### TASK ITEM
Would you please transcribe the listing exactly, with no images?

### DATA BLOCK
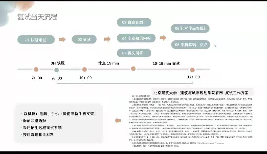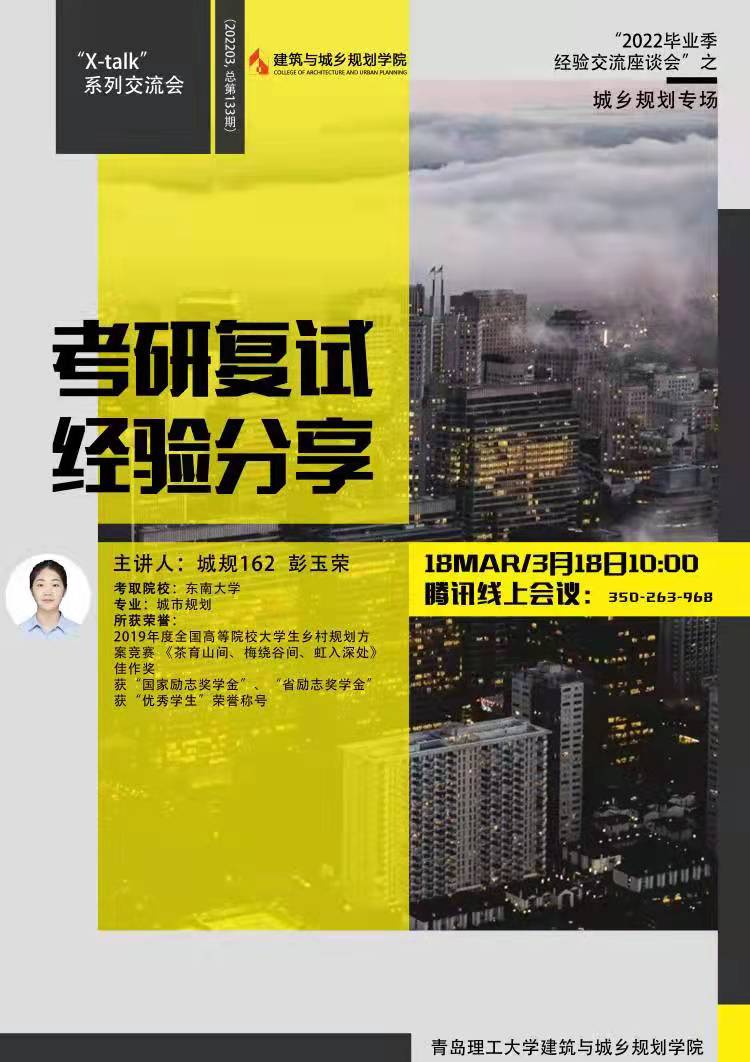 为帮助2022届考研学生熟悉线上复试流程,从容应对线上复试,3月15—19日,建筑与城乡规划学院分专业举办“X-talk”之考研复试经验线上交流会。学院邀请目前就读于北京建筑大学研究生肖涵岳、东南大学研究生彭玉荣等五位往届优秀毕业生担任主讲,学工办副主任、团委副书记杨霈宣,辅导员朱华建、张宇参加交流会。
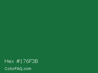 Hex #176f3b Color is a dark green color and the nearest color is Jewel #126b40. Hex code #176f3b and RGB value is rgb(23,111,59). In RGB color space, this color is composed of 9% red, 44% green, 23% blue, In CMYK color space, this color is composed of 79% cyan, 0% magenta, 47% yellow , 56% black , In HSL color space, this color has a hue angle of 145° , 66% saturation and 26% lightness.
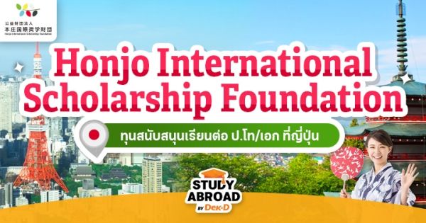 こんにちは! วันนี้เรามีข่าวดีมาฝากชาว Dek-D ที่กำลังมองหาทุนเรียนต่อ ป.โท หรือ ป.เอก กันอีกแล้วค่ะ เพราะล่าสุดโครงการทุนสุดปังส่งตรงจากประเทศญี่ปุ่นอย่าง ‘Honjo International Scholarship Foundation’ เตรียมเปิดรับสมัครผู้รับทุนในรอบ April 2026 ระหว่างวันที่ 1 ก.ย. - 31 ต.ค. นี้ ซึ่งข้อดีคือเค้าสนับสนุนค่าครองชีพรายเดือนตลอดหลักสูตร อีกทั้งรับไม่จำกัดสาขาด้วย ใครสมัครได้บ้าง? เลื่อนไปเช็กข้อมูลของปีนี้กันค่ะ~
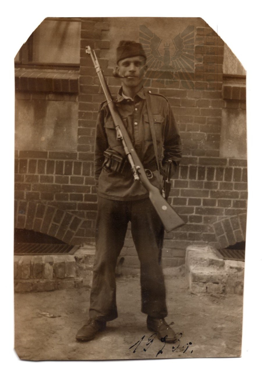 Fotografia żołnierza Wojska Polskiego we wczesnym okresie istnienia armii polskiej. Widoczna letnia koszula żołnierska, pas z ładownicami wz.22 oraz karabin Mausera. Na dole fotografia opatrzona podpisem "1923 r.”

### ANSWER FOR THIS EXERCISE
 为帮助2022届考研学生熟悉线上复试流程,从容应对线上复试,3月15—19日,建筑与城乡规划学院分专业举办“X-talk”之考研复试经验线上交流会。学院邀请目前就读于北京建筑大学研究生肖涵岳、东南大学研究生彭玉荣等五位往届优秀毕业生担任主讲,学工办副主任、团委副书记杨霈宣,辅导员朱华建、张宇参加交流会。
 Hex #176f3b Color is a dark green color and the nearest color is Jewel #126b40. Hex code #176f3b and RGB value is rgb(23,111,59). In RGB color space, this color is composed of 9% red, 44% green, 23% blue, In CMYK color space, this color is composed of 79% cyan, 0% magenta, 47% yellow , 56% black , In HSL color space, this color has a hue angle of 145° , 66% saturation and 26% lightness.
 こんにちは! วันนี้เรามีข่าวดีมาฝากชาว Dek-D ที่กำลังมองหาทุนเรียนต่อ ป.โท หรือ ป.เอก กันอีกแล้วค่ะ เพราะล่าสุดโครงการทุนสุดปังส่งตรงจากประเทศญี่ปุ่นอย่าง ‘Honjo International Scholarship Foundation’ เตรียมเปิดรับสมัครผู้รับทุนในรอบ April 2026 ระหว่างวันที่ 1 ก.ย. - 31 ต.ค. นี้ ซึ่งข้อดีคือเค้าสนับสนุนค่าครองชีพรายเดือนตลอดหลักสูตร อีกทั้งรับไม่จำกัดสาขาด้วย ใครสมัครได้บ้าง? เลื่อนไปเช็กข้อมูลของปีนี้กันค่ะ~
 Fotografia żołnierza Wojska Polskiego we wczesnym okresie istnienia armii polskiej. Widoczna letnia koszula żołnierska, pas z ładownicami wz.22 oraz karabin Mausera. Na dole fotografia opatrzona podpisem "1923 r.”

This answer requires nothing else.